Мать вытащила из печки горшок перепревших щей, накрошила луку, налила в тарелку.
– Садись, Витюша, поешь. Расскажи, как поговорили?
– Завтра старого «Захара», что возле кузни валяется, принимаю.
– Ой-ё-ё-ё! Да ведь он вовсе и без мотору. Что же ты на нем заработаешь?
– Найдут мотор. Номер есть – значит машиной числится. Буду починять. Не справлюсь – к дяде Афоне в помощники пойду, жеребят пасти. Мне все равно.
Акулина Егоровна обессиленно опустила руки, села на лавку.
– Это все Крутояров измигульничает? [11]11
Измигульничать – издеваться.
[Закрыть]
– Он.
– Вот ведь про клятой-то… Не могло ему башку-то на фронте оборвать. Добрых людей поуничтожало, а худых оставило. А еще другом был отца-то твоего. Когда ты маленький был, так все мне приказывал: «Береги парнишку!»
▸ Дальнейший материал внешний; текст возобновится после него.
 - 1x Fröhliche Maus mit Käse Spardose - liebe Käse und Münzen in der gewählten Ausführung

– Не греши, мать, на Павла Николаевича. Сам я пролетел, не на кого вину класть.
Виталька недохлебал щи, выпил залпом стакан простокваши с сахаром и ушел в горенку. Оттуда сказал:
– Может, он потому и прет на меня, что другом папкиным был.
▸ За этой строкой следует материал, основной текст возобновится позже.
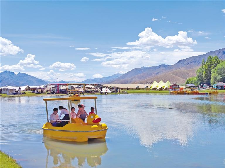 楚貴林卡位于日喀則市桑珠孜區(qū)東嘎鄉(xiāng)楚貴村。2019年初,青島援藏組規(guī)劃盤活村集體用地,打造以自然生態(tài)景觀、休閑度假旅游及異域農(nóng)耕民俗文化體驗(yàn)為主題,融合當(dāng)?shù)匚幕瘍?nèi)涵的“楚貴村生態(tài)旅游度假區(qū)”項(xiàng)目。項(xiàng)目自2022年啟動(dòng)以來(lái),隨著運(yùn)營(yíng)漸趨成熟,林卡休閑游樂(lè)設(shè)施逐年豐富。如今,這里設(shè)有咖啡休閑館、山地摩托、真人CS、游船、騎馬等多個(gè)傳統(tǒng)與現(xiàn)代結(jié)合的項(xiàng)目,受到游客青睞。

Когда мать щелкнула выключателем и угомонилась у себя на кухне под пестрым, шитым из разноцветных треугольников одеялом, Виталька уткнулся в подушку и дал волю слезам.
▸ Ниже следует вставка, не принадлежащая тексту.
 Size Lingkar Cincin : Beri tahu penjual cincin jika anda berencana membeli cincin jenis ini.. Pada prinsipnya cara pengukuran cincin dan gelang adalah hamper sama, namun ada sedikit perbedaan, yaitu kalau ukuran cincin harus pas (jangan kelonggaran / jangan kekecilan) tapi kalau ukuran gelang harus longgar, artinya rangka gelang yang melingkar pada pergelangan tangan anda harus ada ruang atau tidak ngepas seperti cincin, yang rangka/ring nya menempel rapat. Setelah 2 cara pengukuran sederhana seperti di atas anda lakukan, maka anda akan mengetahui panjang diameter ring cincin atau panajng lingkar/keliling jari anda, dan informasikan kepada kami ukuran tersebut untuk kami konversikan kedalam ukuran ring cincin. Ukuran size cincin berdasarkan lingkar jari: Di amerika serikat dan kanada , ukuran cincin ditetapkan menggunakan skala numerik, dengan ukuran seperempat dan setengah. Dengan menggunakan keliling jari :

Всю ночь маячил перед ним Павел Николаевич Крутояров, высокий, плечистый, не зависимый ни от кого. Посмеивался жестковато:
– То лето, Виталий, как нынешнее, споро шло. Травы буйствовали по всей Карелии. И ветер веселый дул. Относил запахи пожаров куда-то в сторону. И вечера были тихие, не хуже наших, рябиновских. До форсирования Свири по-довоенному все было. И нам показалось, что все то, что творилось долгие годы, все это – кошмарный сон. Но это только казалось. А на самом деле мы продолжали прочесывать леса… Да. Так вот, шел конец войны. Мы его угадывали. Но не верили в близкий его приход: почти каждый день выбывали наши десантники. Был – и нету. И частенько у нас настроение такое было, как на поминках. Посмотрят друг на друга: «Кто?» – «Саша Колобов из третьего» или «Иван Наметов из первого». И молчали. Это, парень, походило на крик… Батька твой, комиссар Соснин, человек был каменный. Материться он не умел. Но скажет бывало: «Жалко Сашку. За него отвечать придется Гитлеру самому».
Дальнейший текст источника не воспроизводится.